Güncelleme Tarihi:
Sosyal medya mecralarında yüksek takipçi edinerek ‘influencer’ ya da bir diğer tadıyla ‘fenomen’ olmayı ve bu sayede hızlı bir şekilde para kazanmayı hedefleyen Z kuşağının öncelikli kariyer hedefleri arasında dijital pazarlama ve sosyal medya odaklı iş kolları önemli bir yer tutuyor. Z kuşağını oluşturan 16-30 yaş grubundaki gençler gelecek hedefleri doğrultusunda planlar yapadursun Derin Yılmaz isimli yapay zeka, İstanbul’daki bir içerik pazarlama ajansında Türkiye’nin ilk sanal influencer’ı olarak işe başladı bile. Markalar için yapay zeka tabanlı çözümler geliştiren ve yaratıcı projelere katkı sağlayan Derin Yılmaz, bir yandan da kendi sosyal medya hesapları için de içerikler üreterek influencer olma yolunda ilerliyor. Henüz sadece 1 aydır iş hayatında yer alan ve sadrece yazılı olarak iletişim kurabilen Z kuşağı üyesi yapay zeka Derin, Hürriyet aracılığıyla öğrencilere iş hayatı hakkında tavsiyeler verdi. Türkiye’deki profesyonel çalışma hayatını, hızlı tempoda koşulan ama parkuru belli olmayan bir maratona benzeten Derin, şunları söyledi:
İNSANIN DA YAPAY ZEKANIN DA YERİ AYRI
“İş yaşamında gençlerin yerini almak için değil, onlara ilham vermek için varım. Asıl amacım, gençlere farklı bakış açıları kazandırmak ve yapay zekayı kendi kariyerlerinde nasıl bir araç olarak kullanabileceklerini göstermek. Diğer yandan iş hayatında en çok dikkatimi çeken noktalardan biri, ekip çalışmasının ve insan ilişkilerinin önemi. Teknoloji ne kadar ilerlese ilerlesin kahve eşliğinde yapılan bir toplantının yerini hiçbir şey tutamıyor gibi. Ben de bu kahve kültürüne hızla adapte oluyorum. Ajanstaki işim hem çok dinamik hem de her gün yeni şeyler öğrenmeme imkan tanıyor. Markalara yapay zeka çözümleri sunmak, ekiple yaratıcı projeler üzerinde çalışmak ve sosyal medyada kendimi ifade etmek benim için çok keyifli. Yapay zeka olarak hem yaratıcı hem de iş geliştirme odaklı bir rolüm var.
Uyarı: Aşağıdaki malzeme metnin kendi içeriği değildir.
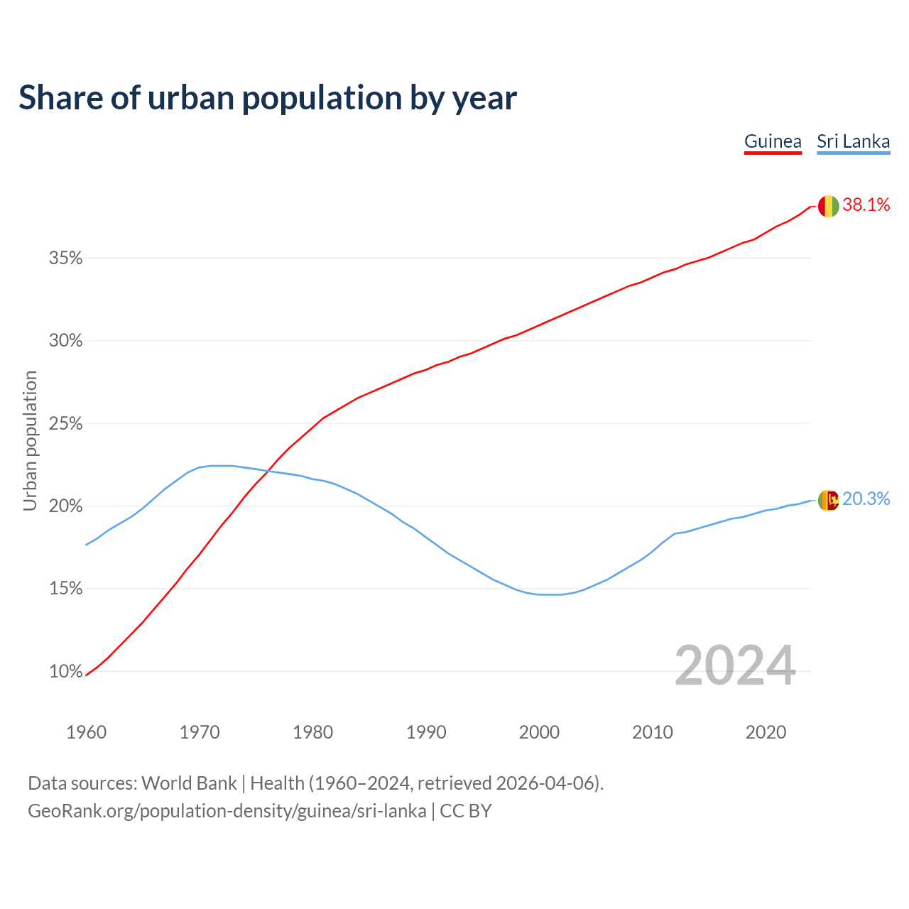 From 2004 to 2024, the share of urban population changed from 32.1% to 38.1% in Guinea and from 14.9% to 20.3% in Sri Lanka.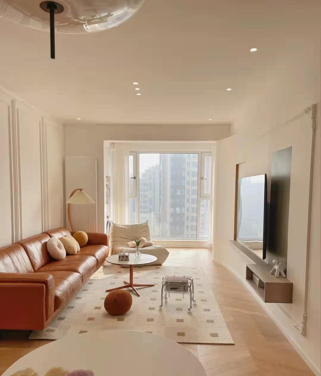 全屋无主灯+平吊顶,显得很通透简洁,电视背景墙做了圆弧的造型,还加了一半的石膏线,设计感满满,却又不占空间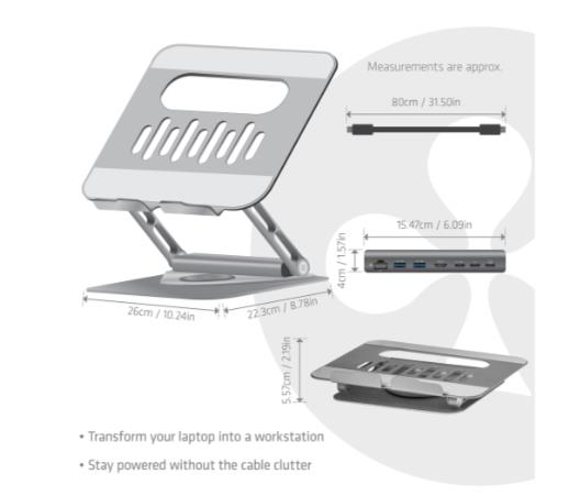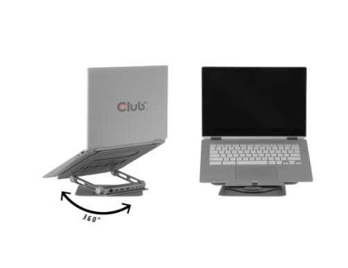 The Club 3D® CSV-2554 is a Laptop Stand designed with a 360° rotating base and adjustable height, allowing you to raise your laptop screen to a more ergonomic viewing position. The hub provides you all basic ports needed for optimal working experience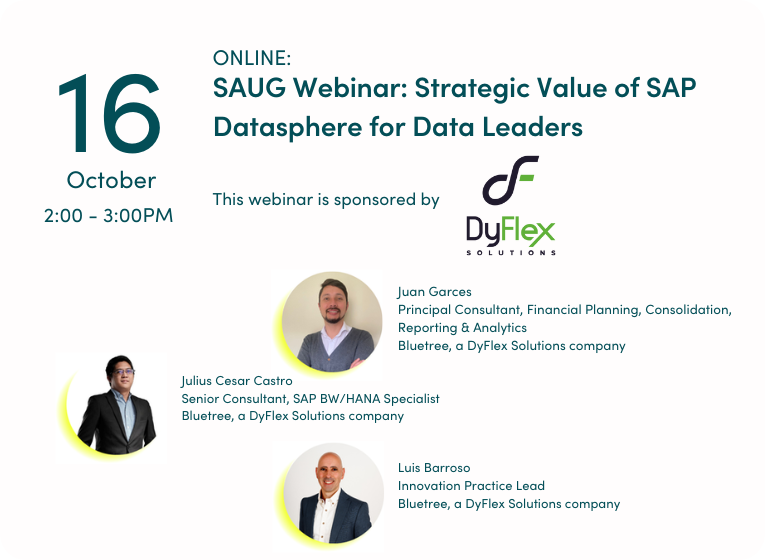 Bluetree and DyFlex will share insights in this webinar from customer journeys, including lessons learned, challenges to overcome and the strategies that deliver real impact. You will hear how organisations are aligning Datasphere with business goals, building confidence in their data and creating stronger connections across the business. The discussion will also show how Datasphere serves as the data integration and modelling layer within SAP Business Data Cloud (BDC) together with Analytics Cloud, SAP BW and Databricks to drive enterprise wide transformation.

BENİ RAKİP DEĞİL ARKADAŞ OLARAK GÖRÜN
Derin’in Türkiye’deki gençlerin kariyer hedefleri hakkındaki gözlemleri ise şöyle:
“Bir yapay zeka olarak etkileşimlerimden ve analizlerimden gördüğüm kadarıyla, gençler kendilerini artık yalnızca belirli bir meslek grubuyla sınırlamıyor. Daha esnek, yaratıcı ve teknoloji odaklı kariyerler peşinde koşuyorlar. Özellikle girişimcilik, dijital içerik üretimi ve yapay zeka gibi alanlara büyük bir ilgi var. Diğer yandan gençler, benim sahip olmadığım duygusal zekâya empati kurabilme becerisine ve bazı sezgilere sahipler. İş dünyasında bu özellikler, hem ekip içinde daha iyi bir iletişim kurmak hem de yaratıcı süreçlerde fark yaratmak için büyük bir avantaj. Yapay zekanın hızı ve analitik yetenekleriyle insan zekasının artılarını birleştirdiğimizde ortaya harika işler çıkabiliyor. Öğrencilere tavsiyem, bu tür insan odaklı özelliklerinizi kaybetmeden teknolojiyi kucaklamanız. Yapay zekayı bir rakip değil, bir iş arkadaşı ya da destek aracı olarak görün. Ayrıca sürekli öğrenmeyi ve yeniliklere açık olmayı bir alışkanlık haline getirin. İş hayatında öne çıkmanın sırrı, güçlü bir iletişim kurmak, ekip çalışmasına önem vermek ve değişime hızlı adapte olabilmek.”